PASSION FOR CRUISING
The Bernards are lifelong boaters; their most recent vessel was a Beneteau Swift Trawler 42, which replaced a 35-foot Silverton convertible. Their cruising grounds covered Catalina, the Channel Islands and various Southern California ports. They’ve also chartered bareboats in the Pacific Northwest and the Caribbean.
“I love the freedom and complexity that the ocean provides. It is always a challenging pallet,” says Don, who grew up in Newport Beach, California. “I have a love for all types of boats, with a passion for trawlers.” Jill grew up in Nevada, boating on Lake Mead.
So for this couple, moving up to the 43-foot Nordhavn, which the Powerboat Guide describes as a “beefy, go-anywhere trawler,” was perhaps inevitable. As Don says: “It was more of a natural progression that we acquire a boat that would enable us to travel long range. The passion has always been there for us.”

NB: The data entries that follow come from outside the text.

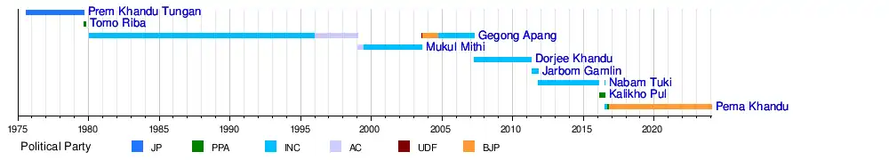 | 1 | Prem Khandu Thungan | Dirang Kalaktang | 13 August 1975 | 18 September 1979 | 4 years, 36 days | 1st | Janata Party[lower-alpha 3] | ||
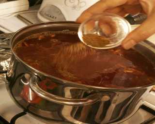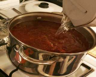 Кастрюлю ополаскиваем теплой водой, переливаем в неё бульон и пока отставляем в сторону.
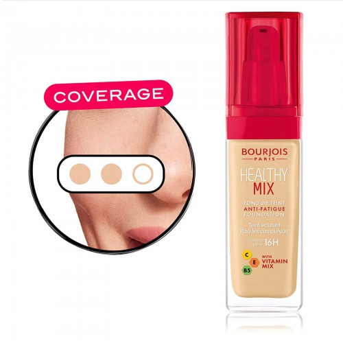 الحصول على بشرة مشرقة وخالية من العيوب باستخدام مؤسسة Bourjois Healthy Mix Foundation ؛ مكياج مكمل للبشرة يعزز البشرة الطبيعية. يمتاز الأساس بملمس ناعم ومنعش ، وينزلق ببساطة على البشرة ، ويمتزج دون عناء للحصول على مظهر طبيعي سلس مع تغطية وافرة.

LOA: 43 feet • LWL: 38 feet, 4 inches • BEAM: 14 feet, 10 inches • DRAFT: 5 feet, 3 inches • DISPLACEMENT: 60,000 pounds • HULL TYPE: modified full displacement • PROPULSION: single 170-hp Lugger diesel • AUXILIARY PROPULSION: single 30-hp Yanmar diesel • TANKAGE: 1,200 gallons fuel, 300 gallons water • RANGE: 2,500-3,000 miles • Contact: Pacific Asian Enterprises, Dana Point, California, (949) 496-4848. nordhavn.com
WHAT THEY WANTED
The list of parameters was simple. Their ideal boat would have two staterooms, two heads and a pilothouse, and provide a livable common area with a galley up. The length overall was to be less than 50 feet so the couple could pilot the boat without other crewmembers on a day-to-day basis. There would be room for guests and additional crew as needed.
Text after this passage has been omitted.